From 21ca70e0eb8b9389d8dde15c12a2bc2866e2e8f6 Mon Sep 17 00:00:00 2001
From: Merve Noyan <merveenoyan@gmail.com>
Date: Tue, 1 Aug 2023 14:02:14 +0300
Subject: [PATCH] Added supported models and hardware

---
 docs/source/supported_models.md | 39 +++++++++++++++++++++++++++++++++
 1 file changed, 39 insertions(+)
diff --git a/docs/source/supported_models.md b/docs/source/supported_models.md
index e69de29b..146eb178 100644
--- a/docs/source/supported_models.md
+++ b/docs/source/supported_models.md
@@ -0,0 +1,39 @@
+# Supported Models and Hardware
+
+## Supported Models
+
+List of optimized models are below.
+
+- [BLOOM](https://huggingface.co/bigscience/bloom)

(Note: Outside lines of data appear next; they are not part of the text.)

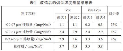 在整個測試過程中,除塵器其他電場供電電源的參數(shù)保持不變,脈沖電源采用基礎(chǔ)、基礎(chǔ)+脈沖兩種方式相結(jié)合的運行方式。根據(jù)表1的4次測試能夠看出,增加脈沖電源后,對粒徑小于0.07um顆粒的除塵效果非常明顯,減少率高達77%,而對其他兩種粒徑粉塵的去除效果并不明顯。因此,脈沖電源適用于微細(xì)粉塵的脫除,可大大提高除塵效果。
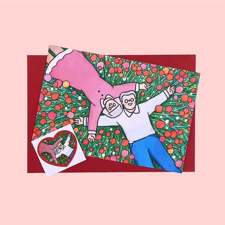 [카드] 행복 / 구딩노부부 일러스트 카드+봉투+스티커 세트
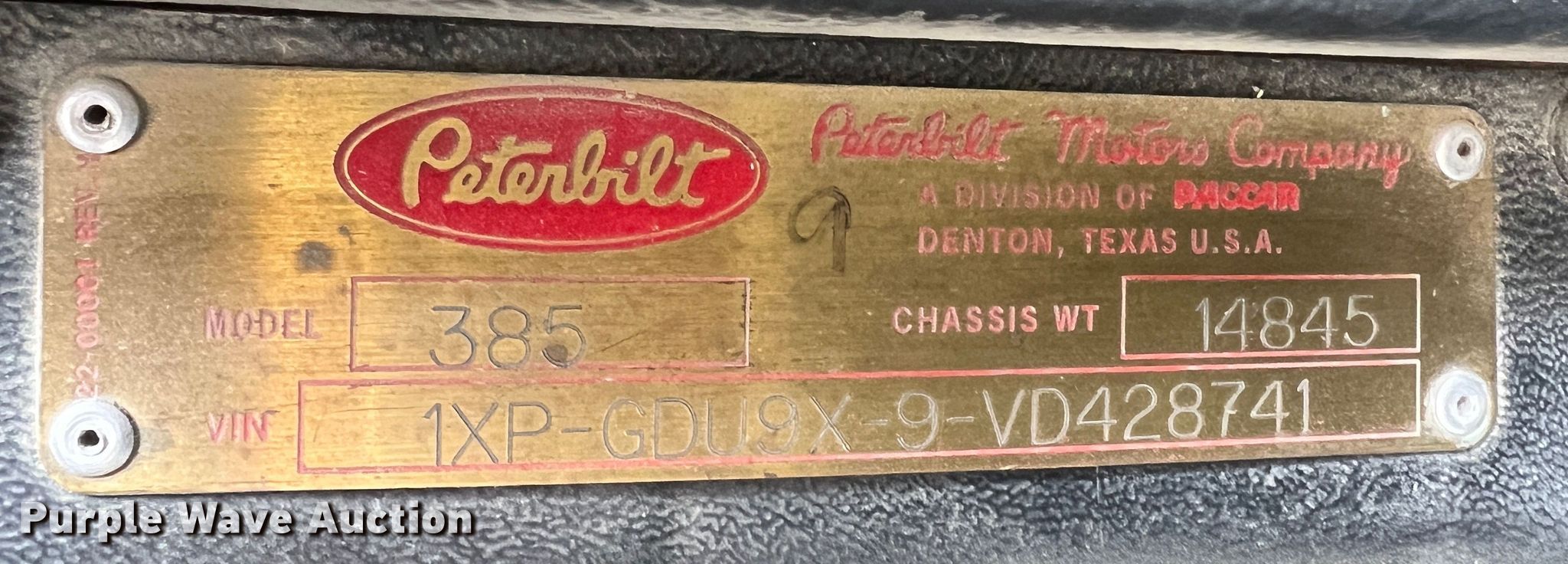 Purple Wave is selling a used Truck Tractor in Kansas. This item is a 1997 Peterbilt 385 semi truck with the following: Miles: 116,348 on odometer, VIN: 1XPGDU9X9VD428741
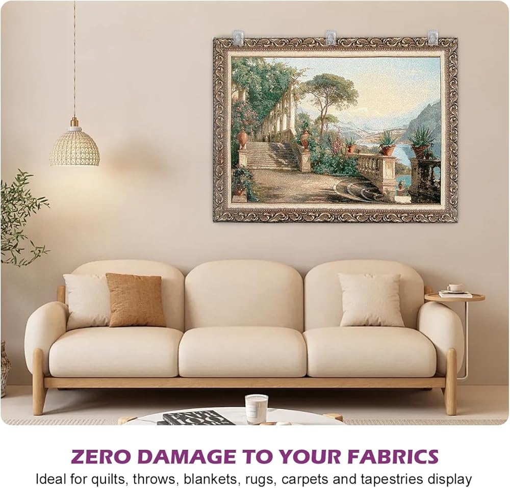 • سعة متعددة الاستخدامات وعالية الوزن: مثالية للألحف والرمي والبطانيات والسجاد والمفروشات بسمك أقل من 1 سم. عند تركيبها بشكل صحيح، يمكن لكل شماعة لحاف فردية دعم الحائط بما يصل إلى 5 كجم (11 رطلاً)، مما يوفر قوة موثوقة لمعظم منسوجات الديكور المنزلي.

+- [FLAN-T5](https://huggingface.co/google/flan-t5-xxl)
+- [Galactica](https://huggingface.co/facebook/galactica-120b)
+- [GPT-Neox](https://huggingface.co/EleutherAI/gpt-neox-20b)
+- [Llama](https://github.com/facebookresearch/llama)
+- [OPT](https://huggingface.co/facebook/opt-66b)
+- [SantaCoder](https://huggingface.co/bigcode/santacoder)
+- [Starcoder](https://huggingface.co/bigcode/starcoder)
+- [Falcon 7B](https://huggingface.co/tiiuae/falcon-7b)
+- [Falcon 40B](https://huggingface.co/tiiuae/falcon-40b)
+- [MPT](https://huggingface.co/mosaicml/mpt-30b)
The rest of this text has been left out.